**TO DO**: In the listing below, the lines starting at the line with "126张每日认识一味中草药贴纸中医药学小知识贴画diy手账桌面电脑" and ending at the line with "Once the chocolate" are to be output verbatim. Images stay out of the copy.
RECORDS SHOWN: Begin
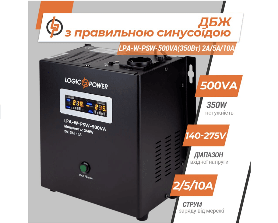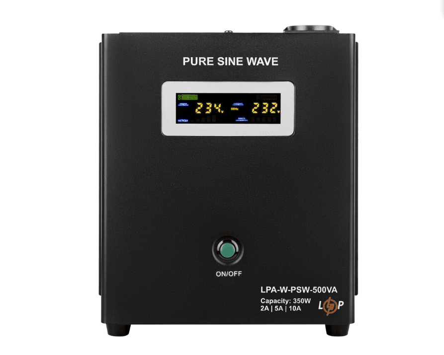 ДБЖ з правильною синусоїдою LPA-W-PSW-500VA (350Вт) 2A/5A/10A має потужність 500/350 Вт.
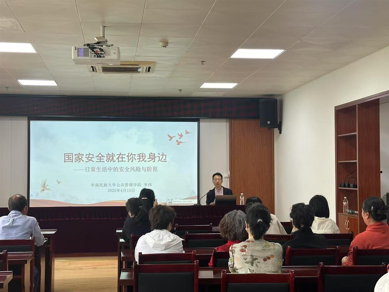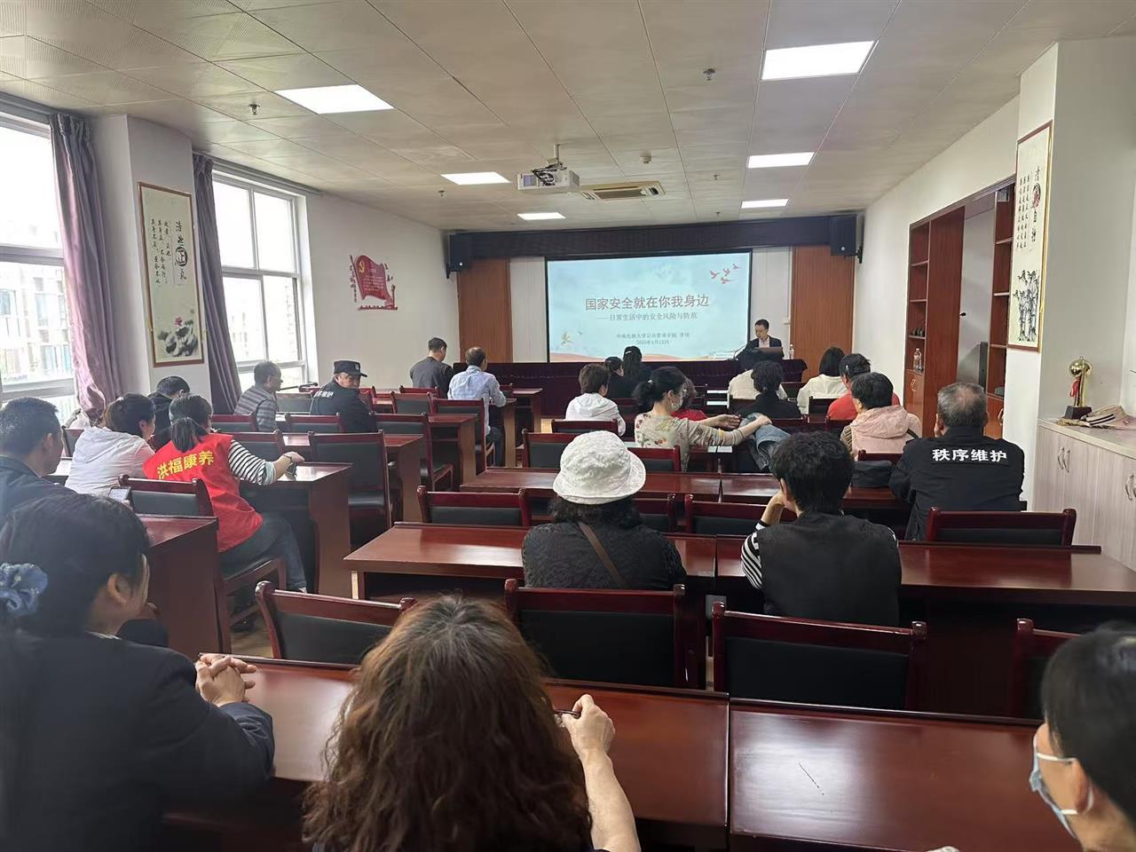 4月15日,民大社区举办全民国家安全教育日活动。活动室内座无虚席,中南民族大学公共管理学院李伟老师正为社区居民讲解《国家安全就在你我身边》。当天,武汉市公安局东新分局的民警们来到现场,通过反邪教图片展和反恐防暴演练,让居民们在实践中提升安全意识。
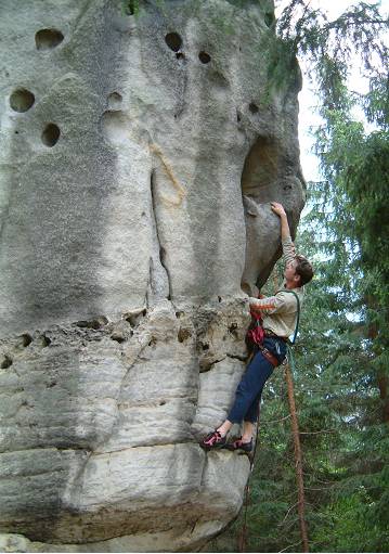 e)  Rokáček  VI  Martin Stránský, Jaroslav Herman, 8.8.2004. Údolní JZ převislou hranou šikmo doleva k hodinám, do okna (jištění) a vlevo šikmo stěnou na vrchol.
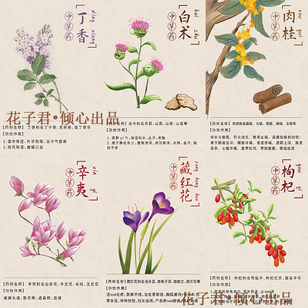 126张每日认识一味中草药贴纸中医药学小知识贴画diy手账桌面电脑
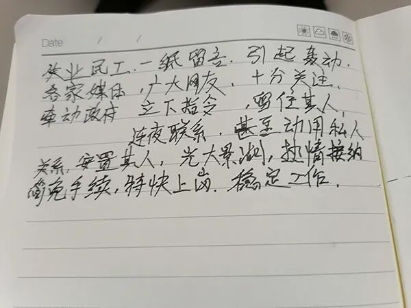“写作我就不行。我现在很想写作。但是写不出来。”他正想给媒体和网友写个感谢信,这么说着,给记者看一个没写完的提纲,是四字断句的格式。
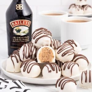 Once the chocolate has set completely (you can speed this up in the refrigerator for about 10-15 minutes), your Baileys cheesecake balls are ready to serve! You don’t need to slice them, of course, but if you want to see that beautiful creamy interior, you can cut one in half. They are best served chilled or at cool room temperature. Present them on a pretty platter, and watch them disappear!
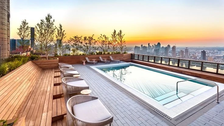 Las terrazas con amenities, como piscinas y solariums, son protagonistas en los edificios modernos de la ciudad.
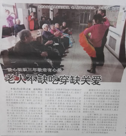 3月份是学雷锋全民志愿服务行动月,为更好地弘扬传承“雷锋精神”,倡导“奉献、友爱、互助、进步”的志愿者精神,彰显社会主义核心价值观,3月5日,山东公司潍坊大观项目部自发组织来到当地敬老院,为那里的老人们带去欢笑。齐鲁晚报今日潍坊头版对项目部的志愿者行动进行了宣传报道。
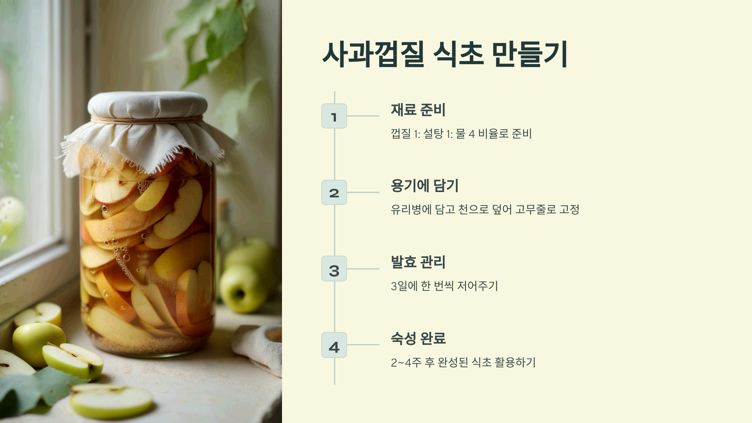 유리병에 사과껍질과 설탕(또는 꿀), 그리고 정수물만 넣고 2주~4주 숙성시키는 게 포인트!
RECORDS SHOWN: End
**WRITTEN ANSWER**:
 126张每日认识一味中草药贴纸中医药学小知识贴画diy手账桌面电脑
“写作我就不行。我现在很想写作。但是写不出来。”他正想给媒体和网友写个感谢信,这么说着,给记者看一个没写完的提纲,是四字断句的格式。
 Once the chocolate has set completely (you can speed this up in the refrigerator for about 10-15 minutes), your Baileys cheesecake balls are ready to serve! You don’t need to slice them, of course, but if you want to see that beautiful creamy interior, you can cut one in half. They are best served chilled or at cool room temperature. Present them on a pretty platter, and watch them disappear!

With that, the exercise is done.